▶ ASSIGNED TASK:
Once the line with "Vesten er i" is found in the data, output it and each following line exactly, up to and including the line with "图6.梯度提升预测的可视化(第18次至第20次迭代)", and nothing before or after.

╭─ DATA LISTING

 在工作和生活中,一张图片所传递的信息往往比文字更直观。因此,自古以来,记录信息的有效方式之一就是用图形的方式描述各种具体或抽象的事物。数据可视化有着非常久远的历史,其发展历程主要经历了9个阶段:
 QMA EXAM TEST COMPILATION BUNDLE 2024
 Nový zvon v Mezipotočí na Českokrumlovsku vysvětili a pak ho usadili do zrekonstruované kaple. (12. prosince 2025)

╰─
╭─ DATA LISTING

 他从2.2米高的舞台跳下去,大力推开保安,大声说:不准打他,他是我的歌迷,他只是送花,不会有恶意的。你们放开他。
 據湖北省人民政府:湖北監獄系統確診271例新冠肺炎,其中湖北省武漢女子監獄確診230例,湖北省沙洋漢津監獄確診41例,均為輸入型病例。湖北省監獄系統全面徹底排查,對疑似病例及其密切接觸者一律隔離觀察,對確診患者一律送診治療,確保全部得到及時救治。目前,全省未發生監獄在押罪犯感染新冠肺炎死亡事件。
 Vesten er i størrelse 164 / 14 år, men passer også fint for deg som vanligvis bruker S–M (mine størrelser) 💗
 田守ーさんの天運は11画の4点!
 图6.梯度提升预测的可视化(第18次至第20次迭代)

╰─

▶ YOUR SOLUTION:
 Vesten er i størrelse 164 / 14 år, men passer også fint for deg som vanligvis bruker S–M (mine størrelser) 💗
 田守ーさんの天運は11画の4点!
 图6.梯度提升预测的可视化(第18次至第20次迭代)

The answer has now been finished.